Global Foreign Direct Investment Guide – Part III: Hungary, Israel and Italy

Chapter 7 – Foreign Direct Investment in Hungary

 I. Country Snapshot

II.  Introduction

Hungary has become a leading destination for foreign direct investment (FDI) in Central and Eastern Europe (CEE), offering a strategic location, a skilled workforce, and a business-friendly regulatory environment. The country benefits from a competitive tax system, substantial financial incentives, and its membership in the European Union (EU), which ensures seamless market access and legal stability.

The Hungarian government actively promotes foreign investment through low corporate tax rates, simplified administrative procedures, and strong investor protections. While Hungary imposes minimal restrictions on foreign ownership, certain strategic sectors require government approvals or additional licensing. Investors should carefully assess ownership structures, tax implications, and compliance requirements to ensure an optimal business strategy.

III. Ownership Structures

Foreign investors can establish a corporate presence in Hungary through several business structures, each offering different levels of liability protection, regulatory oversight, and tax benefits.

Limited Liability Company (Kft.)

A limited liability company (Korlátolt Felelősségű Társaság – Kft.) is the most commonly used business entity for small and medium sized enterprises (SMEs). It requires a minimum capital of HUF 3 million (~€7,800) and provides limited liability protection to shareholders. The Kft. is a flexible and cost effective structure, with a streamlined registration process, making it particularly attractive for privately held businesses. However, it does not allow for publicly traded shares, which may limit external financing options.

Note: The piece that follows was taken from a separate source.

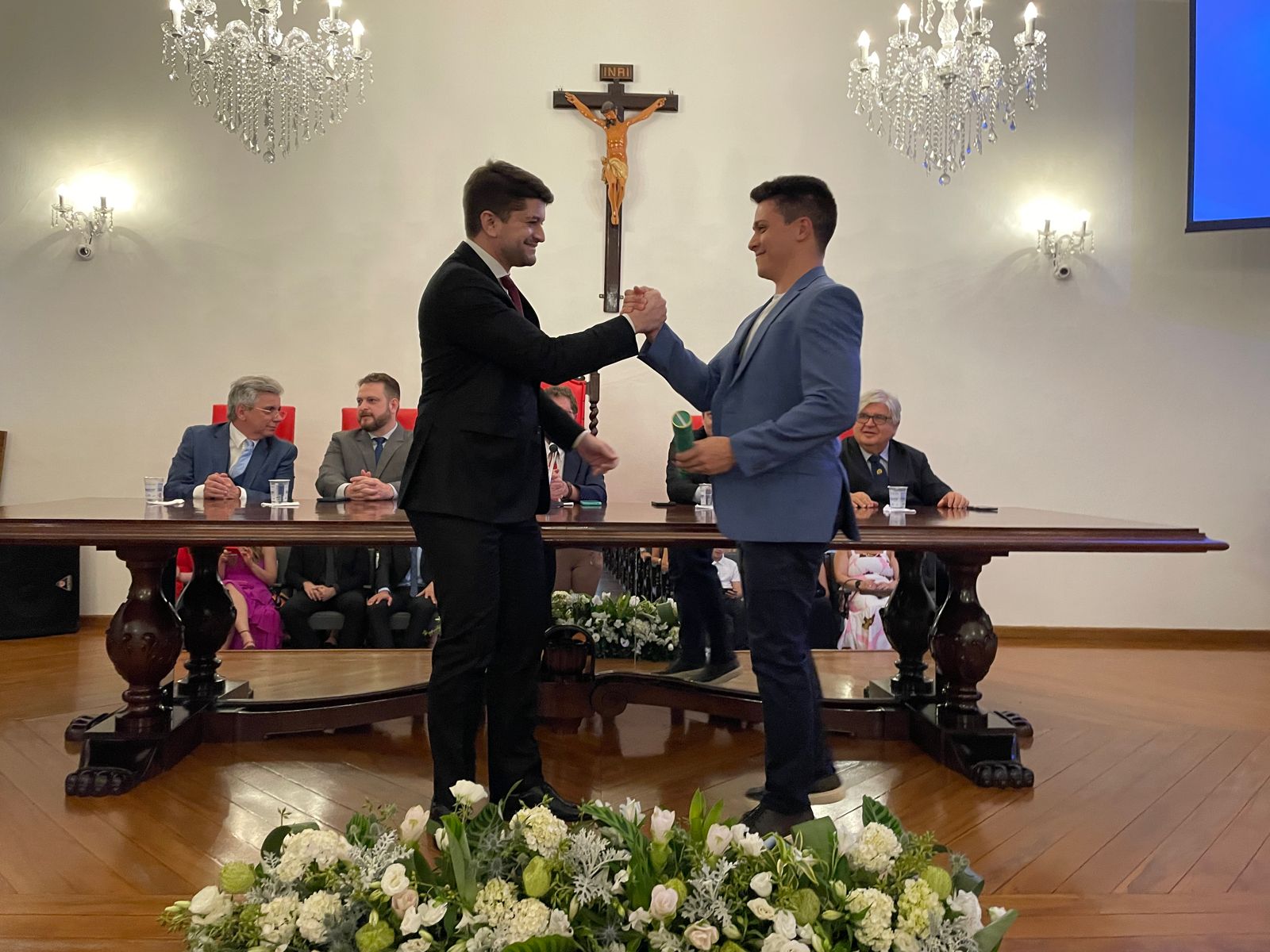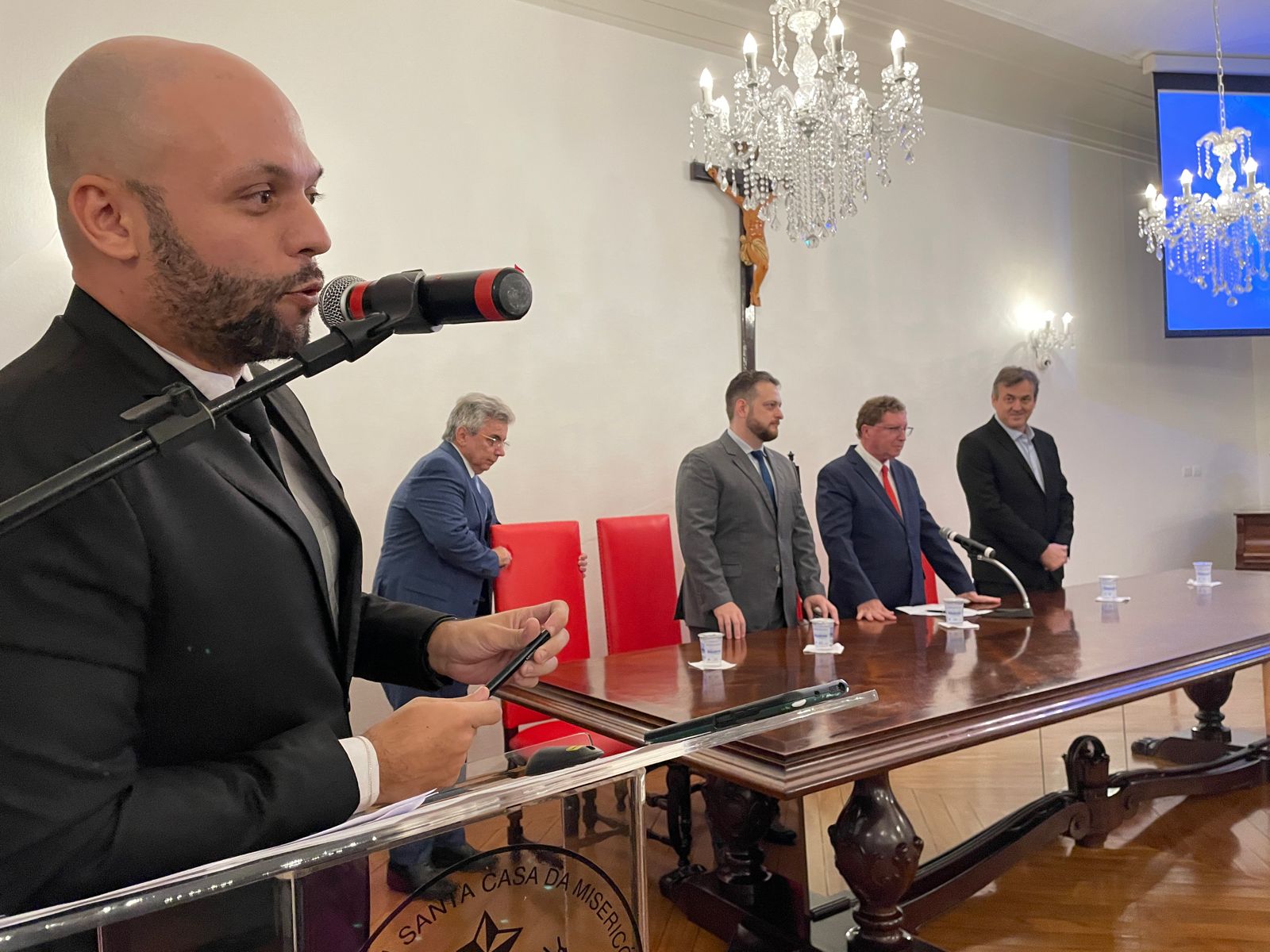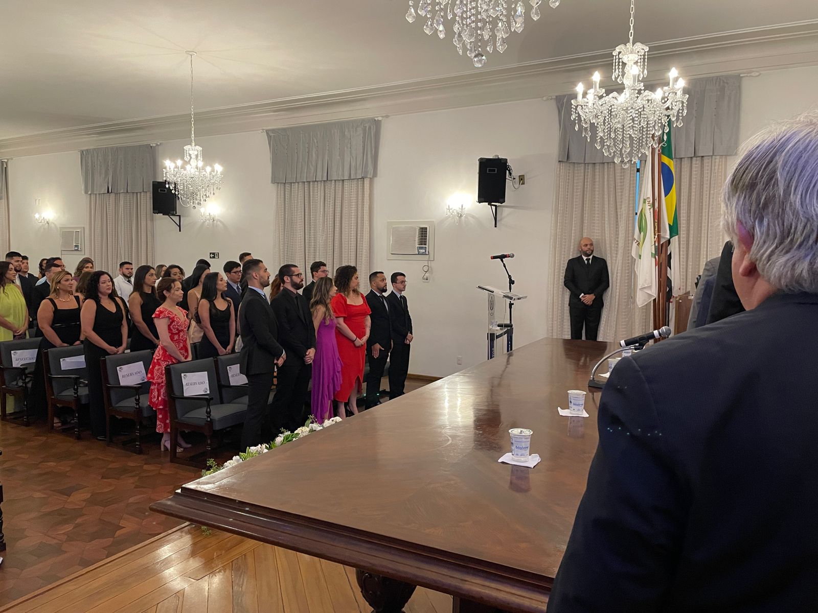 Na noite do dia 2 de fevereiro a Santa Casa de Santos realizou a Cerimônia de Formatura da turma de Residência Médica das especialidades cirúrgicas da instituição. O evento aconteceu no consistório e contou com as presenças do diretor clínico, Dr. Constantino Kader Conde, representando o provedor Ariovaldo Feliciano, do vice-diretor clínico, Dr. Eloi Guilherme Provinciali Moccellin, do coordenador da COREME, Dr. Felipe Souza Thyrso de Lara, do fundador do Centro de Estudos, Dr. Celso Schmalfuss Nogueira, e do médico convidado da cirurgia geral Dr. José Augusto Cyrineu.
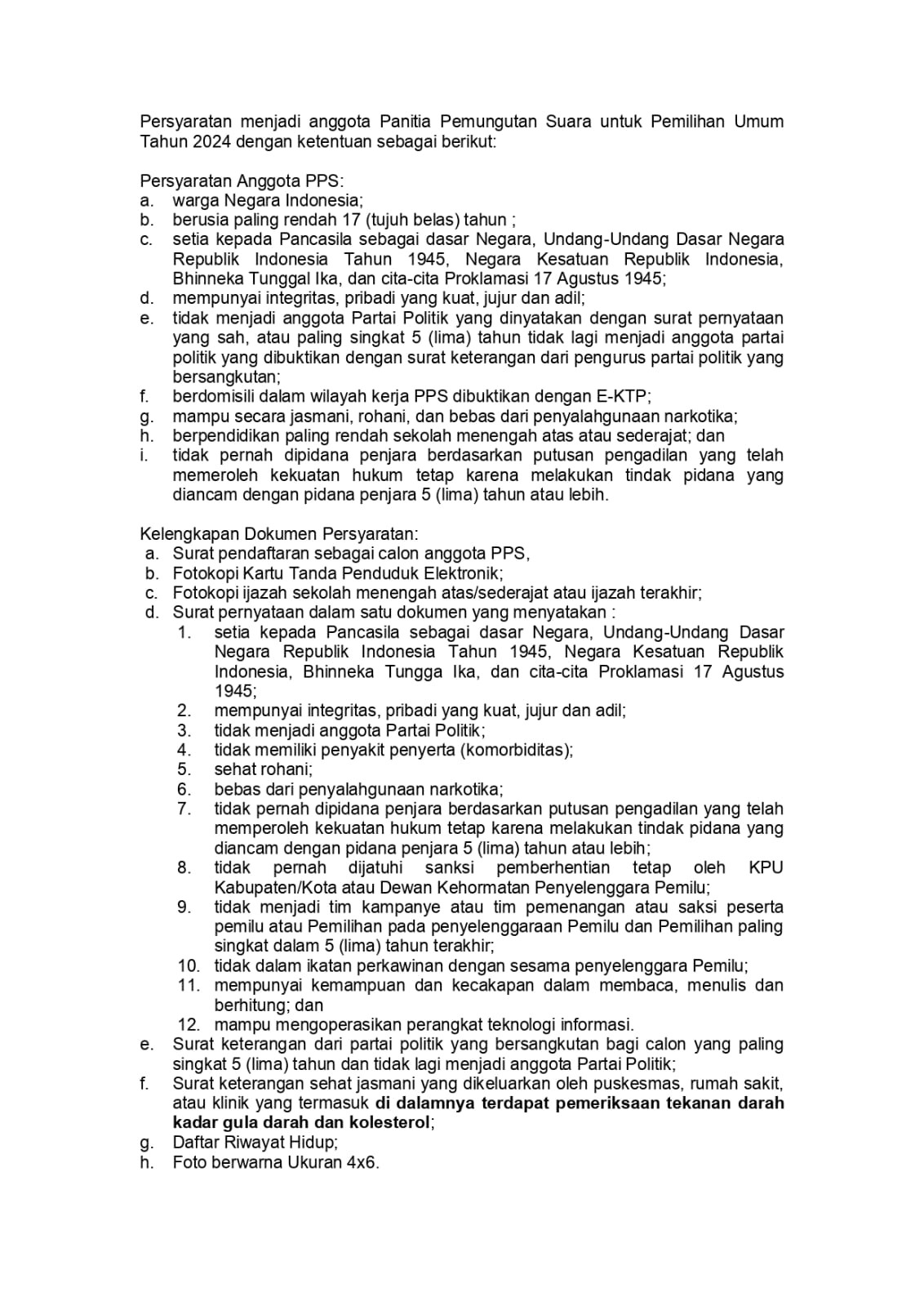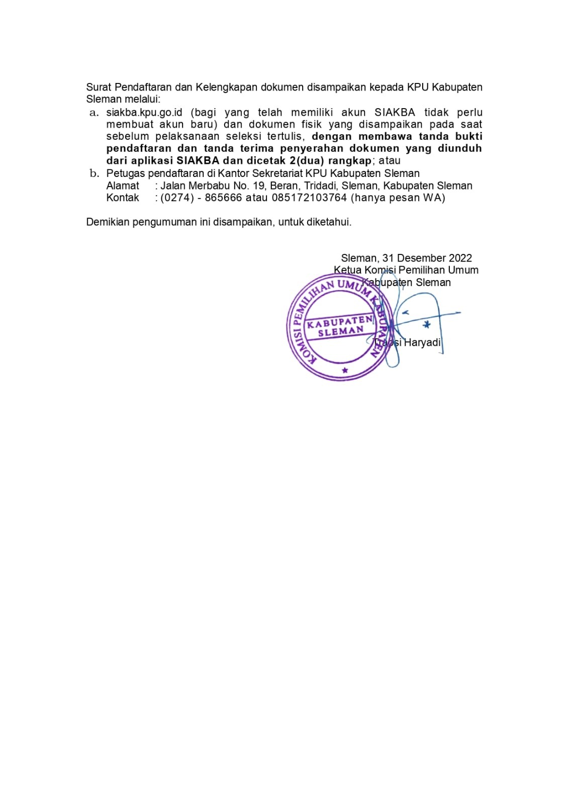 Pengumuman KPU Kabupaten Sleman Nomor : 495/PP.04.1-Pu/3404/2022 tentang Perpanjangan Pendaftaran Seleksi Calon Anggota Panitia Pemungutan Suara Untuk Pemilihan Umum Serentak Tahun 2024.

Public Limited Company (Nyrt.)

A public limited company (Nyilvánosan Működő Részvénytársaság – Nyrt.) is preferred for large scale businesses seeking access to capital markets. It requires a minimum share capital of HUF 20 million (~€52,000) and allows shares to be publicly listed and traded. This structure provides credibility and facilitates institutional investment but involves higher compliance and corporate governance requirements.

Private Limited Company by Shares (Zrt.)

A private limited company by shares (Zártkörűen Működő Részvénytársaság – Zrt.) is a hybrid between a Kft. and an Nyrt., offering limited liability while keeping shareholding private.

It requires a minimum capital of HUF 5 million (~€13,000) and does not allow public trading of shares. This structure is ideal for family owned or closely held businesses, offering ownership privacy and simplified compliance.

Branch Office

 Foreign companies can establish a branch office (fióktelep) in Hungary to operate without creating a separate legal entity. The parent company retains full liability for the branch’s obligations. Registration with Hungarian authorities is required, and the branch is subject to local corporate taxation. This structure is often used by companies testing the Hungarian market before full incorporation.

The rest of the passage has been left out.